##### SUPPLIED RECORDS #####

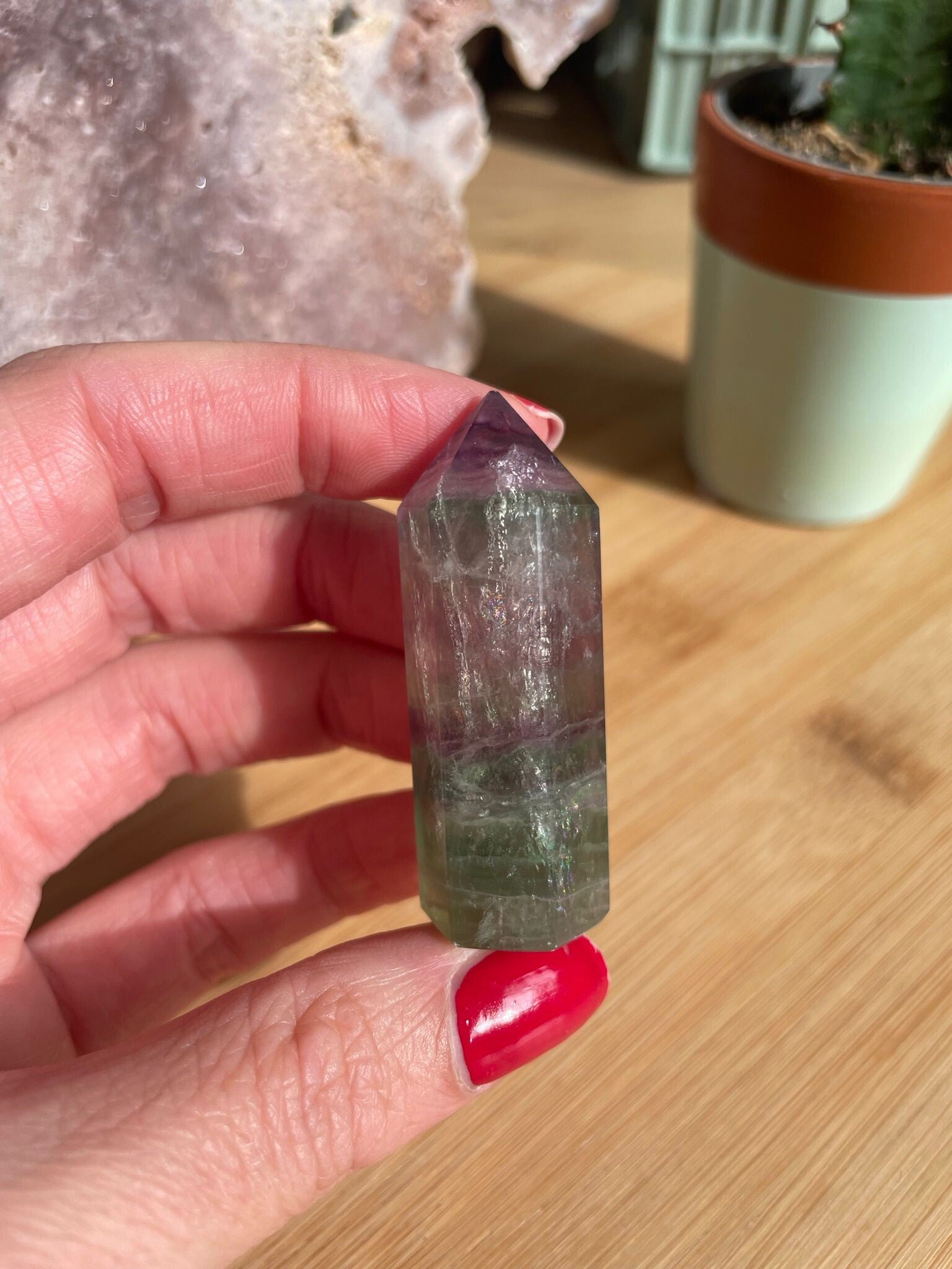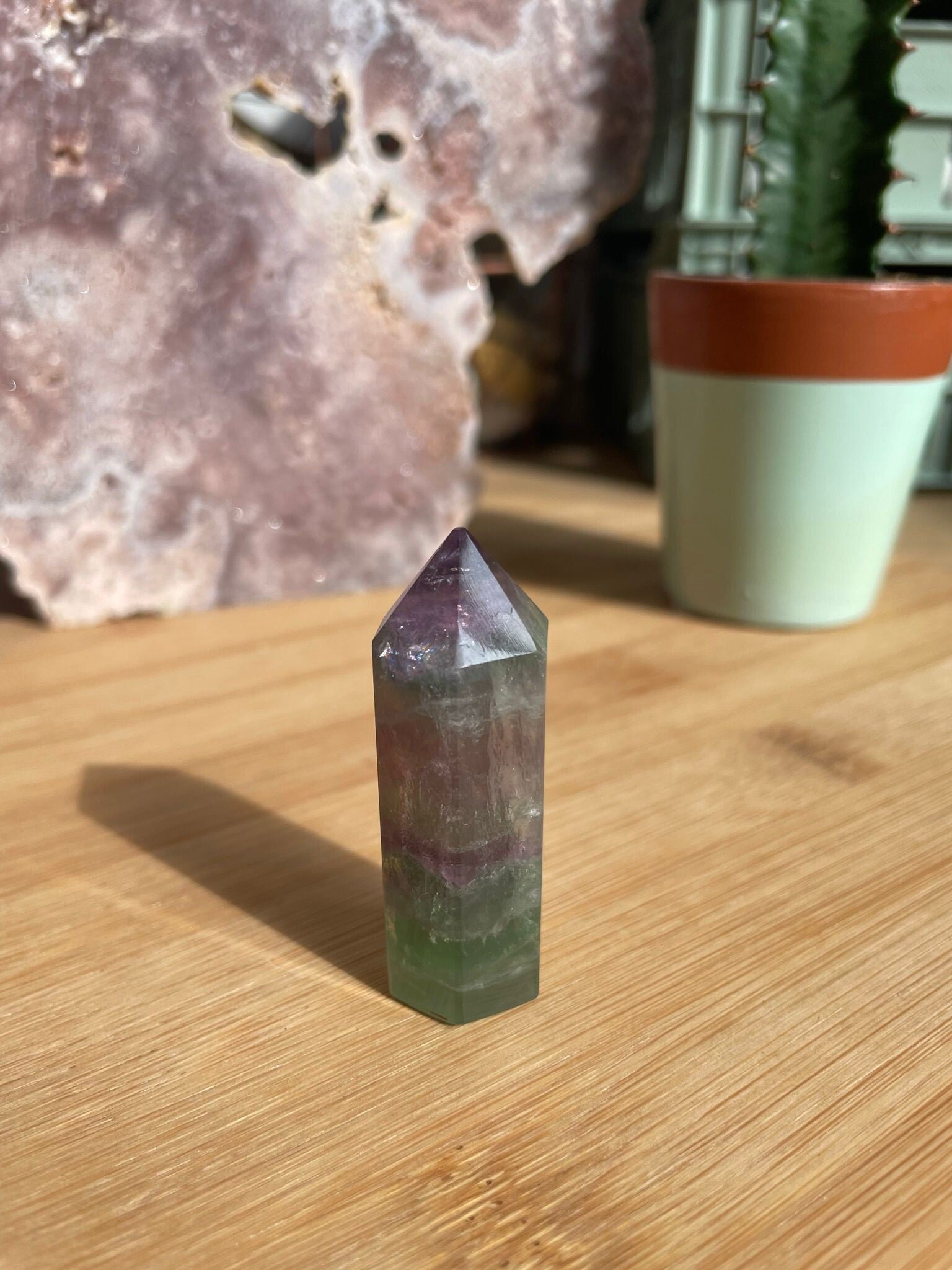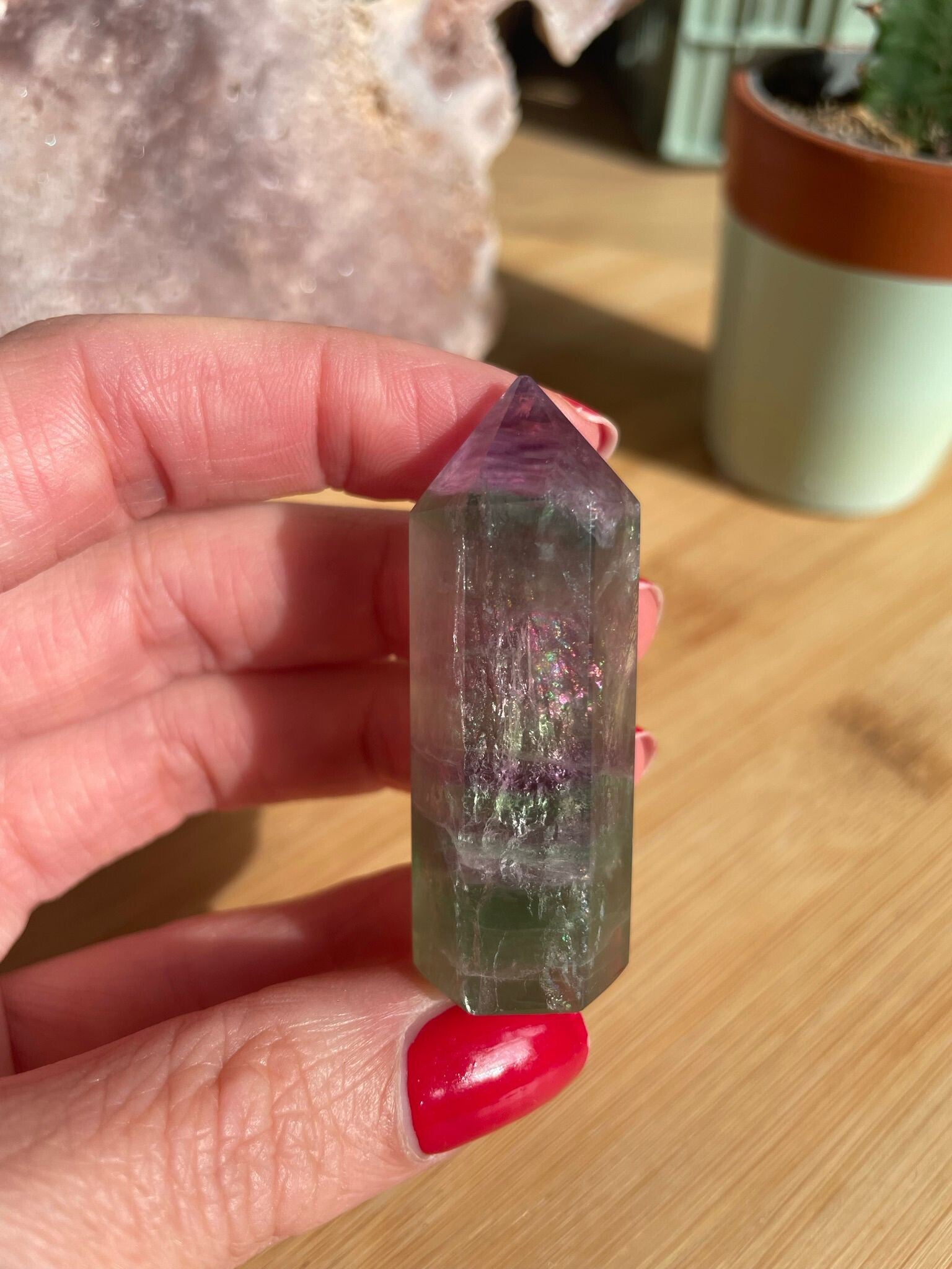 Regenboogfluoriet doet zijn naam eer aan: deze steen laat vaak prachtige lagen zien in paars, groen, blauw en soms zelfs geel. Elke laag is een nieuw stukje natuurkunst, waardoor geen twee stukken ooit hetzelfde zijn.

#####
##### SUPPLIED RECORDS #####

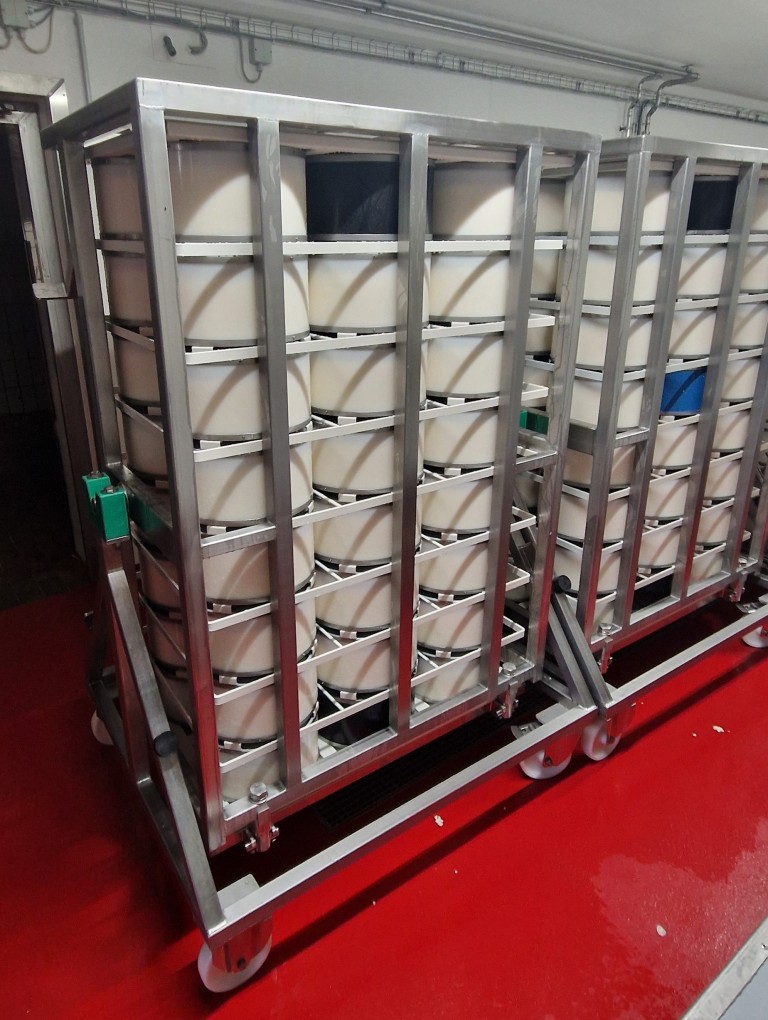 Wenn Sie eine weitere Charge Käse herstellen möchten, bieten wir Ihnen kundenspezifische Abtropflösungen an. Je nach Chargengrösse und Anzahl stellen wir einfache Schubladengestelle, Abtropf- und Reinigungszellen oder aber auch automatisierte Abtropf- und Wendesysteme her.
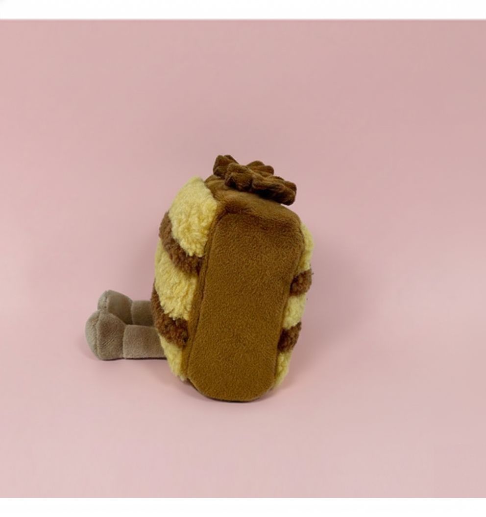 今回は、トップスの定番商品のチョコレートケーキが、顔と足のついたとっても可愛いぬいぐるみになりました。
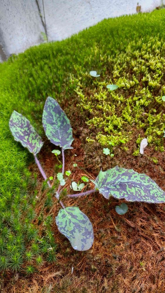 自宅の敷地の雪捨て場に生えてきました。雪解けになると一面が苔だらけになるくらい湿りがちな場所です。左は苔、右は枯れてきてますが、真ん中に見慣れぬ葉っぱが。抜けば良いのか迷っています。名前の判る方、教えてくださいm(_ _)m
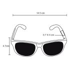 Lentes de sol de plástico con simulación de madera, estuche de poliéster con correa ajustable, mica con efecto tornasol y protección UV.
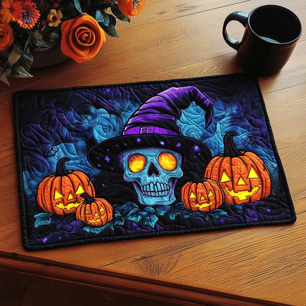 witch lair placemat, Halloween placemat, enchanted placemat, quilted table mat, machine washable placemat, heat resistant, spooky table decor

#####

▶ _TASK OBJECTIVE_
From the records above, quote word for word only the lines beginning at the line that has "今回は、トップスの定番商品の" and stopping after the line that has "witch lair placemat, Halloween". Omit the pictures.

▶ _RESULT OF THIS EXERCISE_
 今回は、トップスの定番商品のチョコレートケーキが、顔と足のついたとっても可愛いぬいぐるみになりました。
 自宅の敷地の雪捨て場に生えてきました。雪解けになると一面が苔だらけになるくらい湿りがちな場所です。左は苔、右は枯れてきてますが、真ん中に見慣れぬ葉っぱが。抜けば良いのか迷っています。名前の判る方、教えてくださいm(_ _)m
 Lentes de sol de plástico con simulación de madera, estuche de poliéster con correa ajustable, mica con efecto tornasol y protección UV.
 witch lair placemat, Halloween placemat, enchanted placemat, quilted table mat, machine washable placemat, heat resistant, spooky table decor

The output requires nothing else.